Given information:
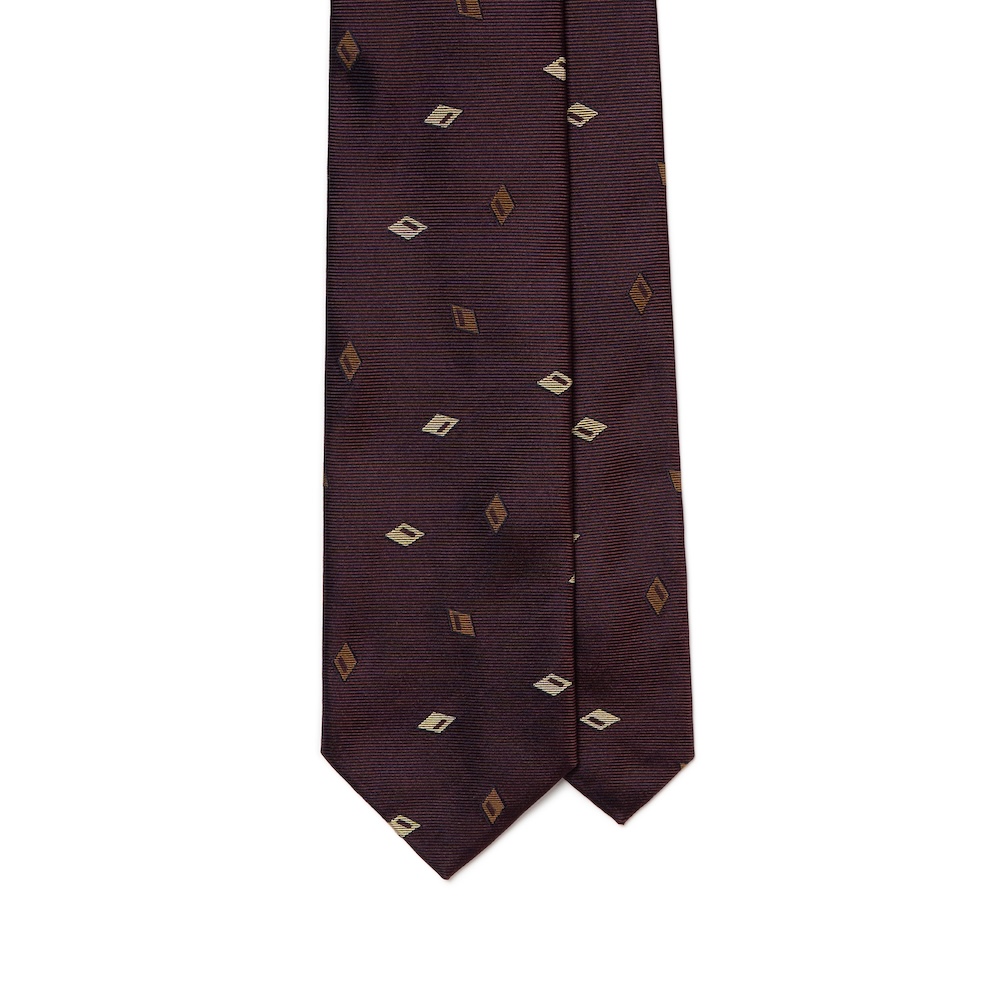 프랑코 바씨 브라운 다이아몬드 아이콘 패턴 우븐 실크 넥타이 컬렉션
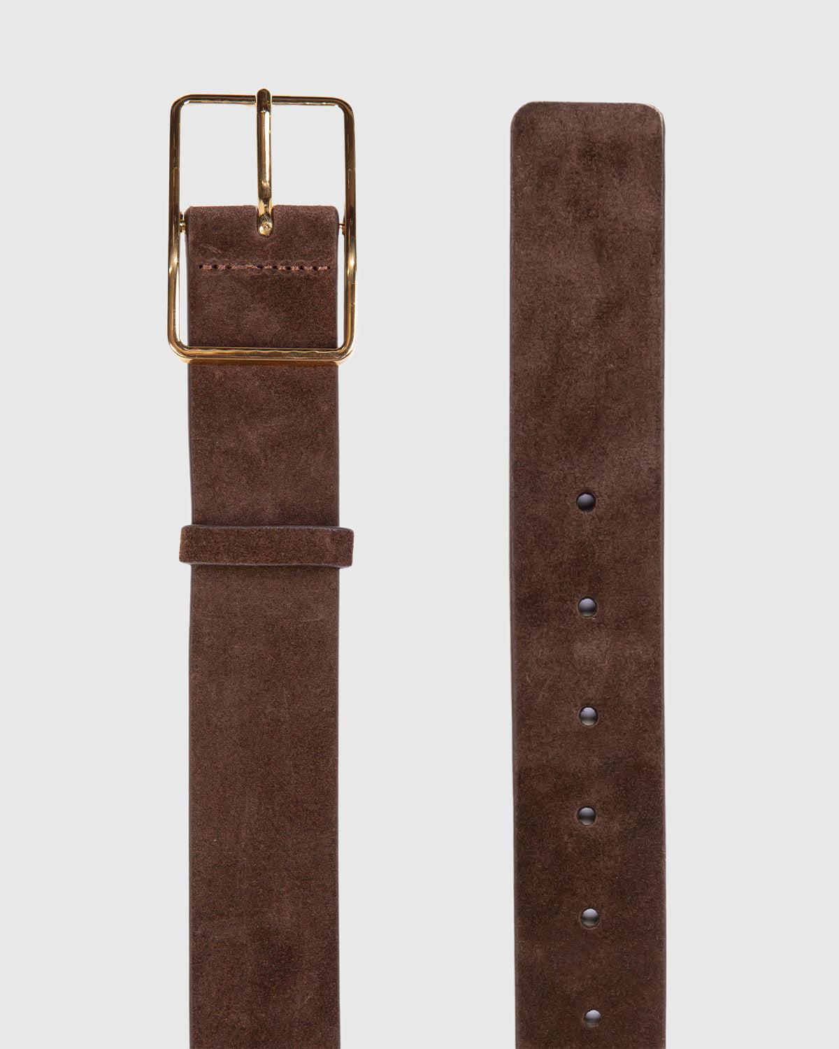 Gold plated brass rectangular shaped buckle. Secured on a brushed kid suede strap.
--
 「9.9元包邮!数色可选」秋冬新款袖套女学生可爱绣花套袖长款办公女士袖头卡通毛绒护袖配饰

What you are asked to do:
In the material above, which lines fall between the one holding "프랑코 바씨 브라운 다이아몬드 아이콘 패턴 우븐 실크 넥타이 컬렉션" and the one holding "Gold plated brass", inclusive? Print exactly those, with the pictures left out.

Exercise output:
 프랑코 바씨 브라운 다이아몬드 아이콘 패턴 우븐 실크 넥타이 컬렉션
 Gold plated brass rectangular shaped buckle. Secured on a brushed kid suede strap.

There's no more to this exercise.